In order to escape the current economic crisis, the U.S. should switch away from its private banking cartel:
[T]he core issue we need to address is the fact that private institutions called banks control the nation's money. Money is the supreme power when it is in the hands of private bankers and they use it for their own purposes.
They hurt the people in countries where they operate, even in countries with a public bank like Canada. America has a private banking system. It is called the Federal Reserve, but there is nothing federal about it. It's a Wall Street cartel, a private banking cartel. That's what it is.
Canada has a public banking system, so does Britain, but they do not function that way. Britain's banking system is beholden to the parliament and Canada's banking system is beholden to the government, but they let their big bankers operate just the way they are operated in America. That is unforgivable.
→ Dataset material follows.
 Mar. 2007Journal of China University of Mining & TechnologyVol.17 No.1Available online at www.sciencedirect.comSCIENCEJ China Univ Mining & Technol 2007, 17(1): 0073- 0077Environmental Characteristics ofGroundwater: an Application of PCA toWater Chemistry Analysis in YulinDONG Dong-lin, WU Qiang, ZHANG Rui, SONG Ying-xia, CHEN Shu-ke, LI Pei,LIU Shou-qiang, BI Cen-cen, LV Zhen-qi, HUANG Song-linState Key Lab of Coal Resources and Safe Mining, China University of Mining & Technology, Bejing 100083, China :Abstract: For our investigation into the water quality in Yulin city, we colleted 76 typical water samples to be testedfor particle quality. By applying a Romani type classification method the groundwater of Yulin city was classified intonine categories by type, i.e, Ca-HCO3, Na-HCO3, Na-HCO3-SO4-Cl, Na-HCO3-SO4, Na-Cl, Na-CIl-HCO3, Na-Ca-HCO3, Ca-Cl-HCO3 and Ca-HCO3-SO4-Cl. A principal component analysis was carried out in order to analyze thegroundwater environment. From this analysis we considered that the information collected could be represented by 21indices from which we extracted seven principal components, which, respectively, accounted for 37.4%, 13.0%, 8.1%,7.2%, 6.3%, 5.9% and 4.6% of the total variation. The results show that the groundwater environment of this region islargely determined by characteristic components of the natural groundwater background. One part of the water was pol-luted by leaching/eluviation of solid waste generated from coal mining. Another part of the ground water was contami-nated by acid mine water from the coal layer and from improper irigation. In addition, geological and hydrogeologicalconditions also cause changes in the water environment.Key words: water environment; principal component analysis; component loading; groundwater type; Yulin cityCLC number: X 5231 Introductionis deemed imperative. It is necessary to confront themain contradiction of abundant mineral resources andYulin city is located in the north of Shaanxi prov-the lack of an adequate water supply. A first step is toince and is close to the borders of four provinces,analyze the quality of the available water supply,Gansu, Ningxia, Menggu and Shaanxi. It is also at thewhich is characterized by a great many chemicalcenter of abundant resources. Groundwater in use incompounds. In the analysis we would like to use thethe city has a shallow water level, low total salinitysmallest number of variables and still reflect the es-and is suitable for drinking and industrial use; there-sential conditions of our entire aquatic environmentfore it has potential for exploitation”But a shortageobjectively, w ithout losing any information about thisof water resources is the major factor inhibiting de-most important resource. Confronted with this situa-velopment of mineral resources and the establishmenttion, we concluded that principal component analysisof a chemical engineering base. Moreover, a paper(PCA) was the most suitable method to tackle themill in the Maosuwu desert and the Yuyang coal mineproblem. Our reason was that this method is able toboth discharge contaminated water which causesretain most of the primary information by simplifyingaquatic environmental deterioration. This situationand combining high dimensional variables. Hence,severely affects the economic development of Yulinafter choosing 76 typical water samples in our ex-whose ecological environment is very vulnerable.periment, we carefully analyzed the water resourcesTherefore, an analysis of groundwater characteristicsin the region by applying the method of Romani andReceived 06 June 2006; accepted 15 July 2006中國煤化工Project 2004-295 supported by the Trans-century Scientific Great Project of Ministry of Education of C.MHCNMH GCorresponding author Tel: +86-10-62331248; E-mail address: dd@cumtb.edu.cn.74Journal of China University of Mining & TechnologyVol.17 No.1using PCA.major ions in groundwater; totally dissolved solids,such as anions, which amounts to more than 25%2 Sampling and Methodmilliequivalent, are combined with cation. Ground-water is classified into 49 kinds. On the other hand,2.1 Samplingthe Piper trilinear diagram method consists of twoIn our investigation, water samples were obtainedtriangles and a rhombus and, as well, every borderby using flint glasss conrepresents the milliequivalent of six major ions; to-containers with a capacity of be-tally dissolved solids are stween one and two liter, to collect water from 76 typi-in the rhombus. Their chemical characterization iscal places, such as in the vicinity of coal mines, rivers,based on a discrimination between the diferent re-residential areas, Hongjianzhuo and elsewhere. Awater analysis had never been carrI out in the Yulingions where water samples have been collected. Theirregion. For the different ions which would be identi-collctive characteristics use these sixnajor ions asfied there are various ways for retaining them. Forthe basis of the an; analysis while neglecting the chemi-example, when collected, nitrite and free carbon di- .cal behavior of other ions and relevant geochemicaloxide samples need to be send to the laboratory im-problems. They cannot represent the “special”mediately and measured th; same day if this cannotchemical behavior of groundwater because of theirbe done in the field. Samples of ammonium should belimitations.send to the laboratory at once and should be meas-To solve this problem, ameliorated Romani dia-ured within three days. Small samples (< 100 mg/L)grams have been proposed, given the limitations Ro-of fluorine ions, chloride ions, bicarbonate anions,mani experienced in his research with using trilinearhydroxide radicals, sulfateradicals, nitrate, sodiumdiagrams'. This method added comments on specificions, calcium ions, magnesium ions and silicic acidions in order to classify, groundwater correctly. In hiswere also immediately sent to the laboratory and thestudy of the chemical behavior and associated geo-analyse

The only state in America that wasn't decimated by the financial crisis was the one with a public banking system:
There is one state in America, North Dakota that has a public state-owned bank. North Dakota is the only state that prospered in the worst years of the economic downturn. They not only prospered, North Dakota had the biggest surplus in its history.
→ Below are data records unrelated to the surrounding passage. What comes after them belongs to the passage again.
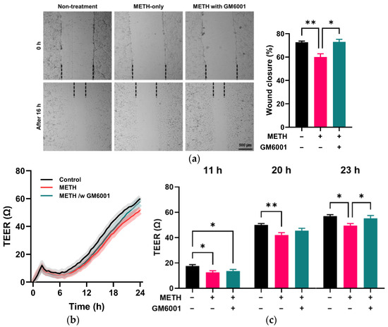 GM6001 treatment promoted wound closure in METH-administered RRMECs (p < 0.05, n = 3, Figure 6a) compared to those administered METH-only. In addition, the TEER assay (Figure 6b,c) showed that GM6001 treatment significantly increased resistance in METH-administered RRMECs compared to those administered METH alone (p < 0.05, n = 6).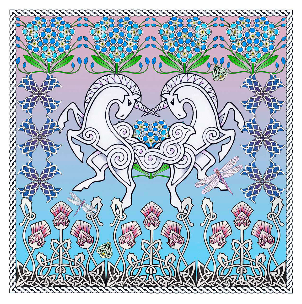 Celtic Unicorns Framed Fine Art Giclée Print by Marjory Tait.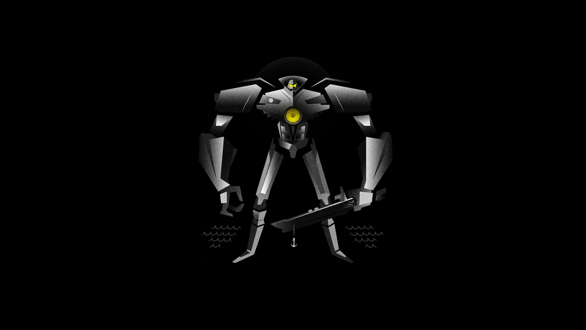 Description: A robot with a yellow eye standing in the dark with a skateboard in his hand and a black background.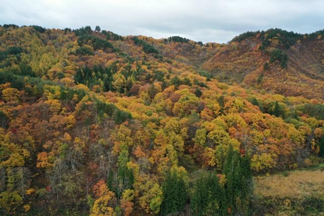 南側に広がる里山も紅葉の見頃を迎えていました。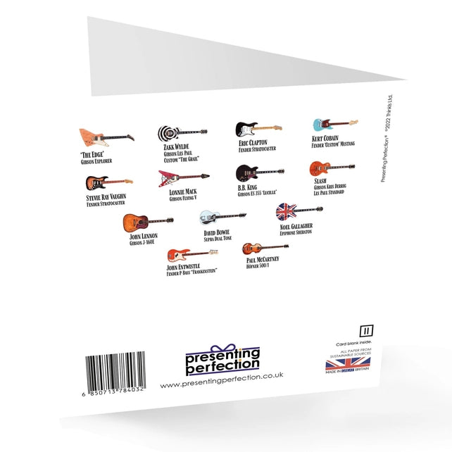 Hand painted Electric Guitars Card, all with famous owners for any Guitar lover, rear of card has lovely pictogram of all the guitars and their owners, to make your recipient smile

Every state could prosper like North Dakota; America could prosper like North Dakota if the government obeyed Article 1 Section 8 of the Constitution that says, “Only the Congress has the right to coin money”. Only the Congress has the right to control money - that means the people; that means the public.
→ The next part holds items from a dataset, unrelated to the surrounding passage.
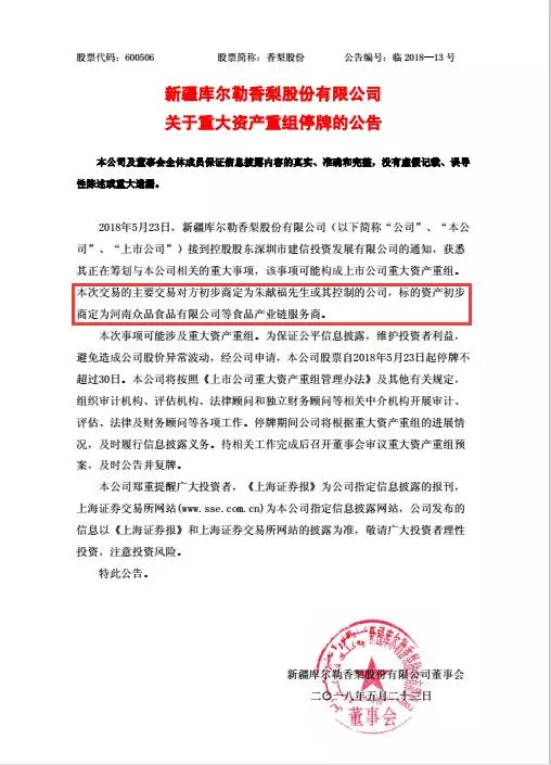 來源: 冷凍食品網 發布者:編輯5月23日晚,新疆庫爾勒香梨股份有限公司(簡稱“香梨股份”)公告稱因籌劃收購事項臨時停牌,收購標的初步確定為河南眾品食品有限公司(以下簡稱“眾品食品”)。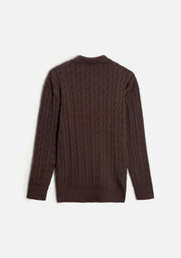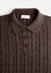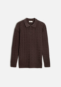 The Turin Sweater stands out for its continuous cable knit on the front, sleeves, and back, a texture that adds visual depth and timeless character. Its ribbed polo collar creates an elegant balance between classic and contemporary, accompanied by three front buttons that add versatility to the design.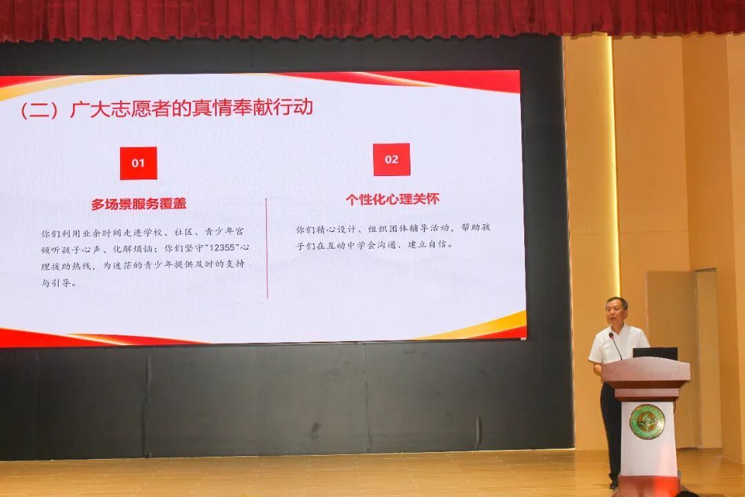 顾作义在活动仪式上指出,青少年心理健康是社会关注的重要课题,需以“专业化、规范化”打造志愿服务队伍,以“体系化、精品化”构建课程体系,以“数字化、协同化”搭建服务平台。他强调,要总结“科学引领、需求导向、模式创新、资源整合、文化涵育”五大经验,推动形成“党委领导、政府负责、部门协同、社会参与”的工作格局,为青少年健康成长营造温暖包容的社会环境。

It doesn't mean Goldman Sachs; JP Morgan Chase or Bank of America; it means the people. The law needs to be enforced. People need to get money power back. If they get it back they'll get everything else they want.
The most prominent example of how a public banking system can revive an economy is post-WWII Germany:
Publicly owned banks were instrumental in funding Germany's "economic miracle" after the devastation of World War II. Although the German public banks have been targeted in the last decade for takedown by their private competitors, the model remains a viable alternative to the private profiteering being protested on Wall Street today.
One of the demands voiced by protesters in the Occupy Wall Street movement is for a "public option" in banking. What that means was explained by Dr. Michael Hudson, professor of economics at the University of Missouri in Kansas City, in an interview by Paul Jay of the Real News Network on October 6:
[T]he demand isn't simply to make a public bank, but is to treat the banks generally as a public utility, just as you treat electric companies as a public utility.... Just as there was pressure for a public option in health care, there should be a public option in banking. There should be a government bank that offers credit card rates without punitive 30% interest rates, without penalties, without raising the rate if you don't pay your electric bill. This is how America got strong in the 19th and early 20th century, by essentially having public infrastructure, just like you'd have roads and bridges.... The idea of public infrastructure was to lower the cost of living and to lower the cost of doing business.